MsPASS Components#

MsPASS Services#

Much of the modern IT environment centers around the abstract concept of a “service”. That concept has evolved for decades and is, in fact, a central focus of cloud systems. You can read more about that in an introduction to service-oriented architecture. For the purpose of this manual, you should understand that a service is a version of a black box. If you put in something it understands it will spit out an answer you can use. If you give it something it doesn’t understand it will give you some kind of error.

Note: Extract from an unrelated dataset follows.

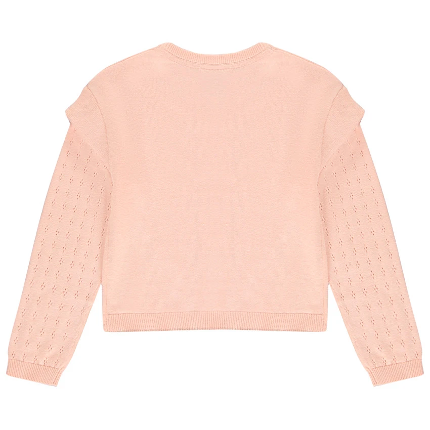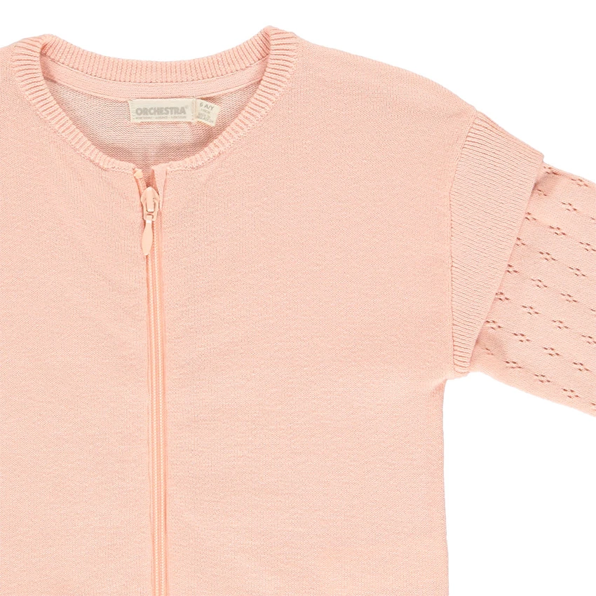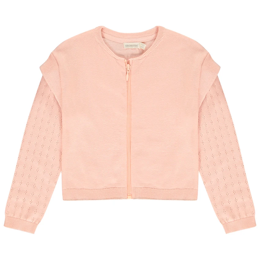 Gilet en tricot fin rose clair à manches longues ajourées. Effet de superposition sur les manches.Col rond en bord côte. Ouverture zippée sur toute la longueur. Poignets et base en bord côte.

With that brief overview, MsPASS always expects to have access to three primary services:

A database service that uses the MongoDB API (Application Programming Interface).
A scheduler service to manage tasks to be executed on the generic concept of a “cluster” of multiple processors. The default MsPASS scheduler is dask but the framework also supports pyspark.
A frontend service that runs a compatible version of python. Normally that is an instance of a jupyter server that creates a user interface you can work with interactively. Note that large jobs on HPC systems are normally run in a mode where there technically is not a “frontend service” but the batch job just runs a simple python interpretter to drive the workflow. You should think of jupyter as more like a gateway that allows you to run MsPASS interactively.

Launching MsPASS services#

A “service” requires some piece of software to be running somewhere that your workflow can access. That software can be remote, such as in a web application, or on the same system where your job is running. In all cases that application is normally called a “server”. For example, most database services are implemented with a “database server” including MongoDB used in MsPASS.

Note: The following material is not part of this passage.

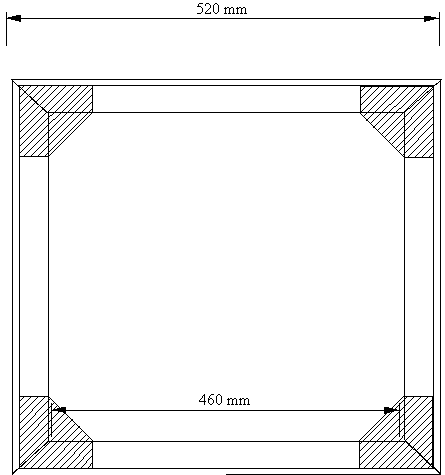Je vier geschrägte Aluwinkel bilden jetzt den Grundrahmen: Als Verbindungsteile dienen je vier abgeschrägte Alubleche 70x70 mm (an den Ecken 27 mm = 30 - 3 ) die mit jeweils 4 M5-Edelstahlschrauben und Muttern samt Unterlegscheiben verbunden werden. Mit einem Winkeleisen beim Bohren auf exakt rechte Winkel achten, sonst wird die gesamte Spiegelbox schief !

How the services/servers are launched is system dependent. You may be able to connect to a running instance of an appropriate server, but in most cases you need to launch them outside the python script or jupyter notebook that defines your workflow. For that reason, MsPASS has a set of “launchers”:

When you are running on a desktop/laptop system we recommend you use the mspass-desktop command line tool described in Running MsPASS on a Desktop Computer.
When running on an HPC system the recommended way to handle launching is with the python HPCClusterLauncher class. Setting up MsPASS to run on an HPC platform is described in Deploying MsPASS on an HPC cluster.
Running MsPASS on a cloud system can be simpler or harder depending on how much work someone else has done for you. Earthscope GeoLab automates launching the “frontend” service by operating as a JupyterHub gateway. At the time this page was written, they had a running instance of dask as the “scheduler service”. You then need only connect to it with the right incantation. The “database service” there needs to be launched manually. To see how to launch the database server on GeoLab, see the jupyter notebooks for the course we taught in 2025 found in this section of the MsPASS tutorials, GitHub repository. If you are launching a custom cloud setup, all three services need to be launched manually through a system dependent mechanism. Good luck with that unless you have a lot of help from knowledgeable people.

Client concepts#

Most modern “services”, including all those in MsPASS, require a client to interact with any service. A client is a piece of software that runs under the control of your user credentials that rigidly enforces the rules the service enforces to interact with it. A client is always essential in a multiuser system to keep user A from colliding with user B.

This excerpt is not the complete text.